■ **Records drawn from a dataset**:

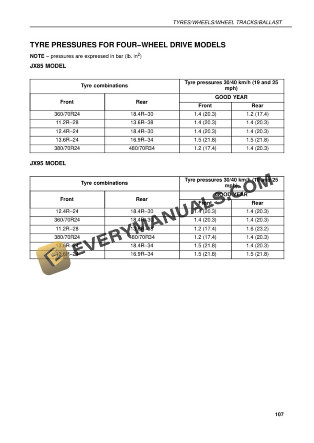 - 8. TYRES/WHEELS/WHEEL TRACKS/BALLAST
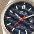 Diese Lotus Uhr hat ein Edelstahl Gehäuse mit einem Durchmesser von 42 mm und ist mit einem Armband aus Edelstahl versehen. In der Uhr arbeitet ein Miyota Uhrwerk. Das Glas der Uhr besteht aus Mineral - Glas.
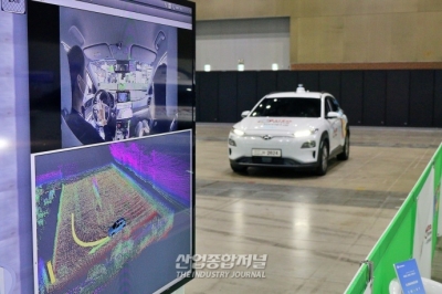 제6회 월드 스마트시티 엑스포(WORLD SMART CITY EXPO KOREA 2022, WSCE)가 열린 일산 킨텍스(KINTEX) 제1전시장에는 관람객을 태운 레벨4 자율주행 차량이 전시홀에 마련된 코스를 주행하고 있다. 업체 관계자는 “이 차량은 현재 수요응답형 자율주행 모빌리티 서비스를 적용했다”면서 “실제 대구
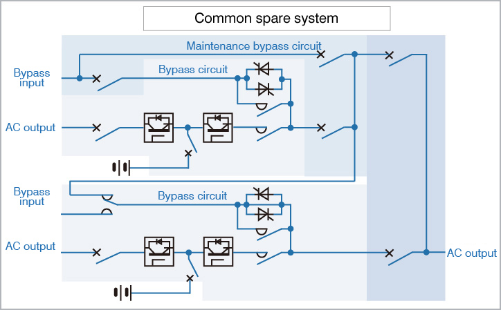 - During UPS inspection, power supply is continued to the load by the maintenance bypass circuit.
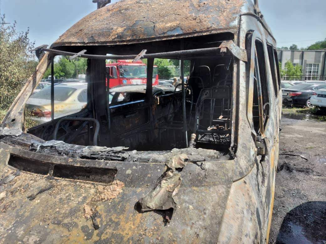 Для тушения отправили один пожарный расчет. Сгорели бусик Mercedes-Benz Sprinter, KIA, Ford Focus и Honda Accord.
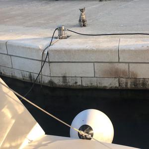 Sweet cat wanting to come on board. We had to remove our plank. Sorry Kitty.
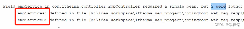 然后此时再运行时就会报错,因为超过两个同类型的实现类Bean
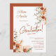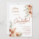 Célébrez votre étape académique avec style avec notre invitation de remise de diplôme en terre cuite bohème, dotée de magnifiques arrangements floraux automnaux et d'accents délicats de pampas. Les tons chauds de l'orange brûlée et de la terre cuite évoquent une élégance rustique, créant l'ambiance parfaite pour votre célébration de remise de diplôme. Chaque élément de cette invitation a été soigneusement conçu pour refléter la beauté de la saison et l'importance de votre réussite.
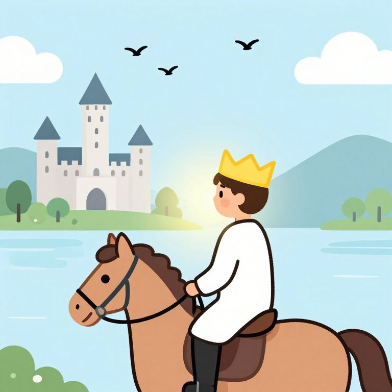 Catchlight prince riding on a horse and looking at a Kingdom with a castle, in the background mountains and a lake, with birds in the sky, white clouds in the sky, Minimalist Cartoon Art Styles,
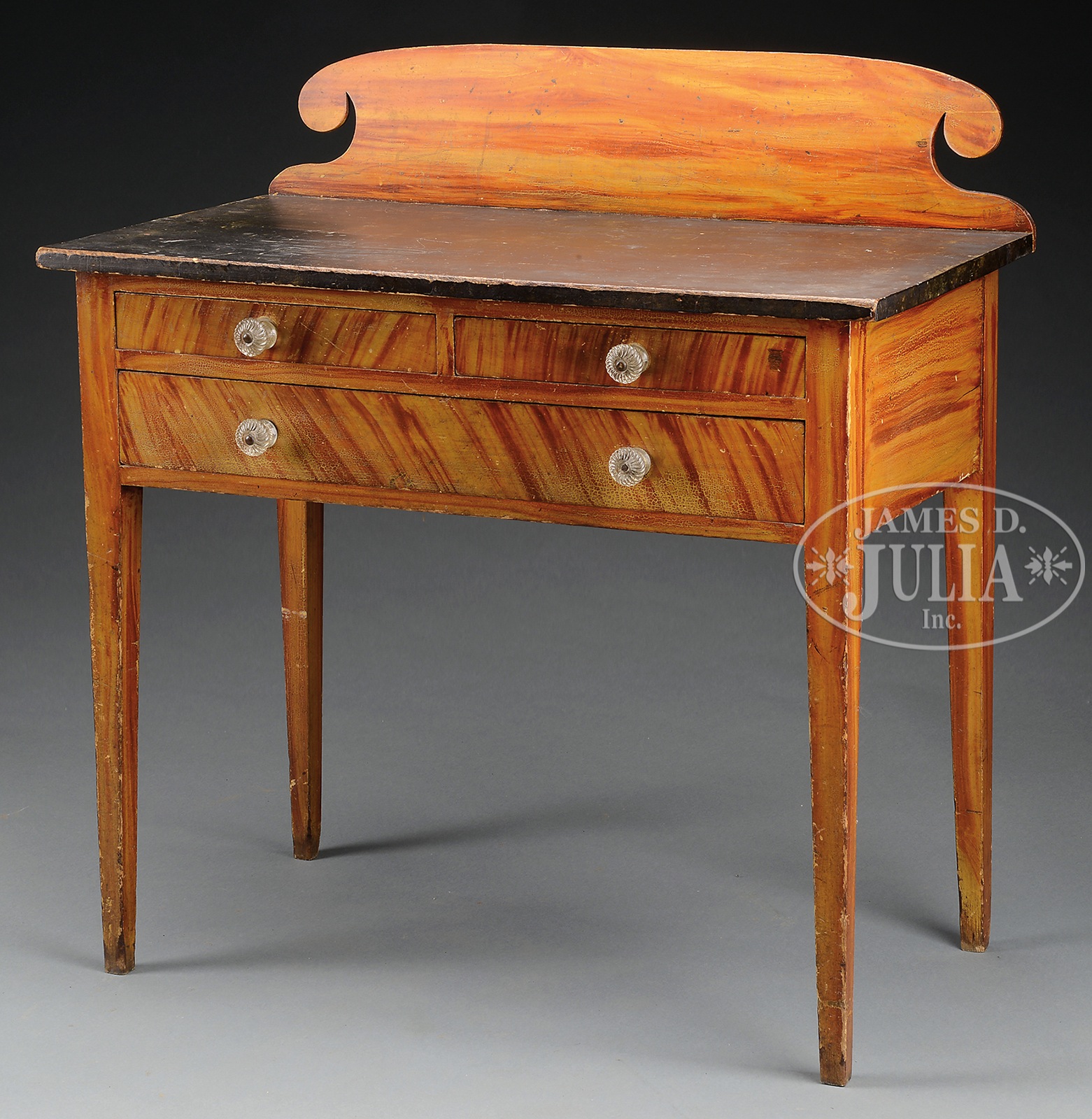 RARE SHERATON GRAIN PAINTED DRESSING TABLE.Circa 1840, probably Maine. Rectangular table with shaped splash guard with rolled ears joined to the rectangular top in green paint over two graduated long drawers raised on square tapered legs. SIZE: 38″ overall h. 36-1/2″ tabletop h. x 36″ w x 19″ d. CONDITION: Splash guard slightly warped with repair to ear. Original turned glass knobs simulated graining remains intact. Good overall. 49922-7 (800-1,200) – Lot 2313
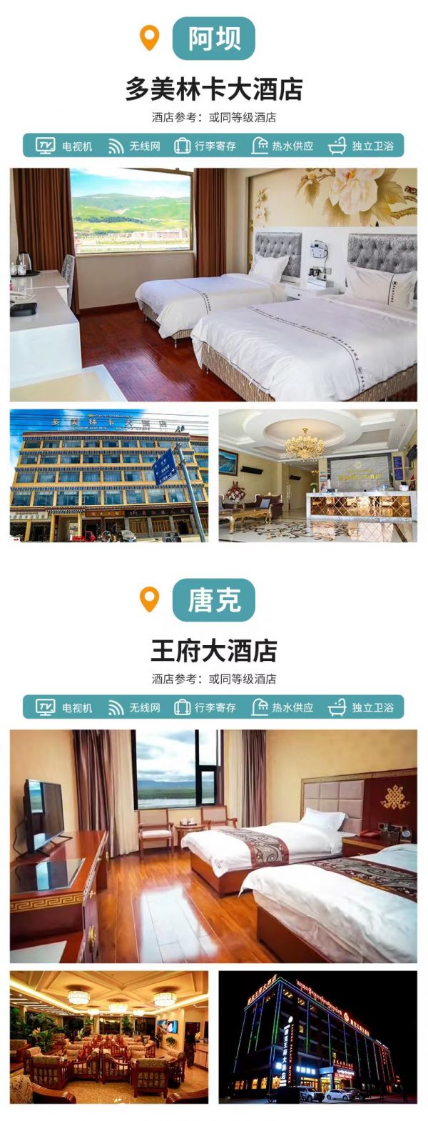 ?阿壩:多美林卡、阿壩縣聚德酒店、古格大酒店、或其他同級酒店
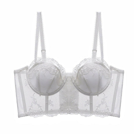 French Sexy Embroidery Lace Long Underwear Women Thin Cup Soft Steel Ring Boning Corset Body Shaping Push up Bra
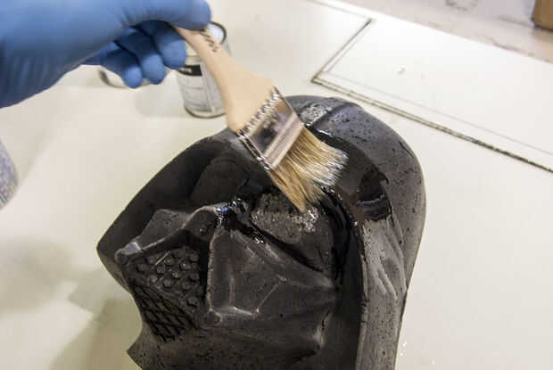Hay un montón de concreto selladores y todos ellos trabajarán con ShapeCrete pero decidí sellar esta pieza con Surecrete PC-12, que es un mejora de color alto brillo epoxi sellador (básicamente una capa de plástico). Una capa convirtió la pieza de color gris oscuro a negro y lo terriblemente brillante. Puede desafilar hacia abajo con lana de acero 0000 #, que podría hacer más adelante.
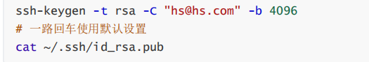- ssh-keygen -t rsa -C "hs@hs.com" -b 4096
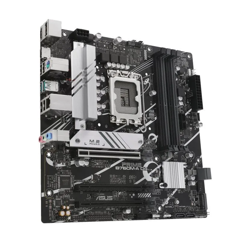 The PRIME B760 motherboard offers a total of two M.2 slots that support data-transfer speeds of up to 64 Gbps via PCIe 4.0, enabling quicker boot-up and app load times with OS or application drives.
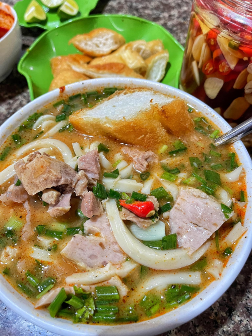 Mới đầu, nhiều du khách nghĩ cháo canh là… cháo. Nhưng khi bát cháo canh nóng hổi được bưng ra, ai cũng bất ngờ bởi đó là sự hòa quyện giữa sợi bánh canh mềm dai và nước dùng sánh nhẹ, không quá loãng cũng chẳng quá đặc. Sợi cháo canh thường được làm thủ công từ bột mì hoặc bột gạo, cắt không đều tay nhưng lại tạo nên cảm giác rất “nhà”, rất thật.
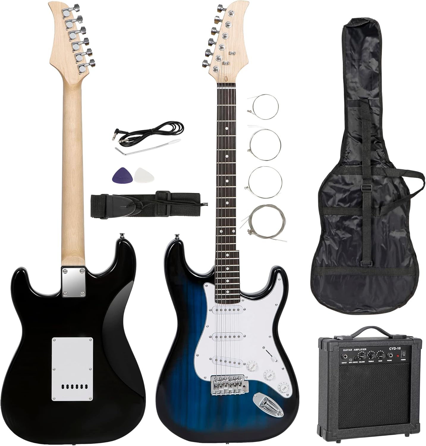 Smartxchoices 39" Full Size Electric Guitar with 10W Amp,Gig Bag Case Guitar Strap Package for Beginner Starter (Blue)
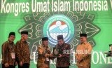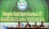 Ketua MUI Bidang Hukum dan Perundang-undangan Basri Bermanda (kedua kiri) bersama Ketua MUI Jawa Timur KH. Abdusshomad Buchori (kiri) dan Sekjen MUI Anwar Abbas (kedua kanan) saat menyampaikan hasil kerja komisi pada Kongres Umat Islam Indonesia (KUII) VII di Pangkal Pinang, Bangka Belitung, Jumat (28/2). (FOTO : Republika/Putra M. Akbar)
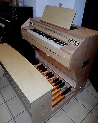 | Die Entstehungsgeschichte dieses neu gebauten Pedalharmoniums lesen Sie unter dem Hauptmenüpunkt "Unser täglich Brot. Instrumente in Arbeit". Es wurde entwickelt, um ein Instrument mit 27-Töne-Vollpedal anzubieten, das für vielseitige Zwecke dienen kann:
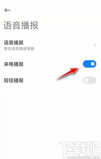 7.完成以上所有步骤后,我们在界面上找到“来电播报”选项,点击该选项后面的开关按钮将其打开,就成功开启来电语音播报功能了。

■ **Problem to work on**: Using the data above, print only the lines starting at the one with "French Sexy Embroidery" and ending at the one with "- ssh-keygen -t", exactly as they stand, minus the pictures.

■ **Reply to the task**:
 French Sexy Embroidery Lace Long Underwear Women Thin Cup Soft Steel Ring Boning Corset Body Shaping Push up Bra
Hay un montón de concreto selladores y todos ellos trabajarán con ShapeCrete pero decidí sellar esta pieza con Surecrete PC-12, que es un mejora de color alto brillo epoxi sellador (básicamente una capa de plástico). Una capa convirtió la pieza de color gris oscuro a negro y lo terriblemente brillante. Puede desafilar hacia abajo con lana de acero 0000 #, que podría hacer más adelante.
- ssh-keygen -t rsa -C "hs@hs.com" -b 4096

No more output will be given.